We have identified substantial, reproducible data for both of these phenotypes from GWA datasets, and identified large overlaps between the genes identified on the basis of cognitive abilities versus the genes identified on the basis of frontal lobe brain volumes, as expected.
Of interest, there also is significant overlap, more than expected by chance, between these sets of genes and those identified in comparing addicted versus control samples.
Personality traits that display substantial evidence for heritability are also found in substance-dependent individuals at rates different from those in the general population. A GWA dataset for the most addiction associated personality feature, neuroticism, displays highly significant overlap with data for substance dependence as well.

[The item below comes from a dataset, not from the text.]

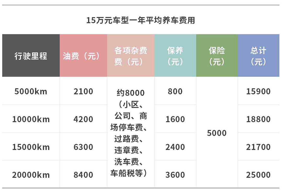 在买车之后,养车的费用也是一件必须要考虑的事情,以一台15万元左右的车型,百公里油耗7L,92号汽油油价6元为例,一年的养车费用通过简单的计算,就可以得到上图的一个结果。当然每个车主的个人情况有所不同, 仅供参考,不过一年一两万的养车费用肯定是少不了的!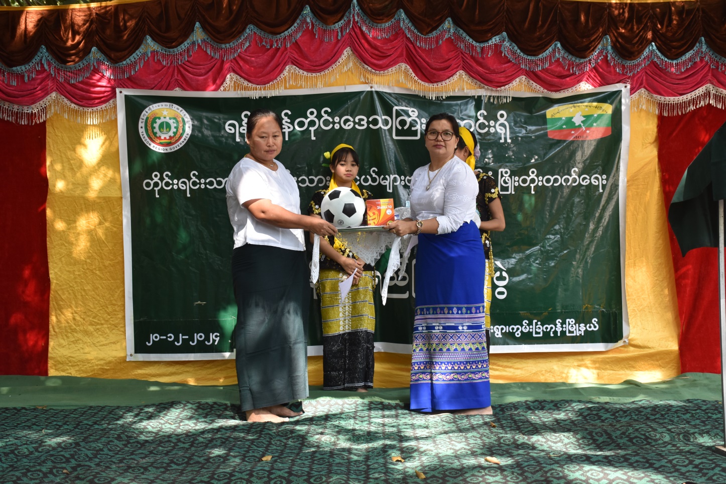 ရန်ကုန်တိုင်းဒေသကြီးအစိုးရအဖွဲ့ ဦးဆောင်မှုဖြင့် တိုင်းရင်းသားအခွင့်အရေးများ ကာကွယ်စောင့်ရှောက်ရေးဦးစီးဌာနမှ ကြီးမှူး၍ ရန်ကုန်တိုင်းဒေသကြီးအတွင်းရှိ တိုင်းရင်းသားကျောင်းသားလူငယ်များ ဗလငါးတန်ဖွံ့ဖြိုးတိုးတက်ရေးအတွက် ထူးချွန် စွမ်းရည် ပြပွဲ၊ ပြိုင်ပွဲ အခမ်းအနားကို (၂၀-၁၂-၂၀၂၄) ရက်နေ့၊ နံနက် (၇:၀၀) နာရီအချိန်တွင် ရန်ကုန်တိုင်းဒေသကြီး၊ ကွမ်းခြံကုန်းမြို့နယ်၊ ဆင်ဒိုးကျေးရွာ၊ မူလတန်းကျောင်း၌ ကျင်းပပြုလုပ်ခဲ့ပါသည်။

Psychiatric and Neurologic Comorbidity
Data for the highly heritable psychiatric diagnosis, bipolar disorder, is now available from four largely independent samples from European ancestries. Our clustering analyses for these datasets provide ample evidence of overlap between the results for bipolar disorder. Of interest, these data also overlap with the molecular genetic results for substance dependence to extents greater than chance.
Success in Smoking Cessation
Studies involving twins support the idea that an ability to successfully quit at least one of the major addictive substances, tobacco smoking, is substantially heritable. Much of this heritability apparently is not the same as the heritability for vulnerability to substance dependence, although some does overlap. We have recently reported GWA analyses of three datasets of smokers who were successful versus unsuccessful in quitting smoking in the context of a clinical trial. These results display gratifying convergence with each other and more modest, but still significant, overlap with results from vulnerability to become substance dependent, as would have been predicted by the results of classical genetic studies.
Failure of Control Experiments to Support Alternative Hypotheses for the Observed Genome-Wide Association Results
There also is no evidence that many of the clustered, reproducibly positive SNPs identified in these data cited earlier and a number of control comparisons, included controls for occult racial/ethnic differences and assay noise within each comparison group.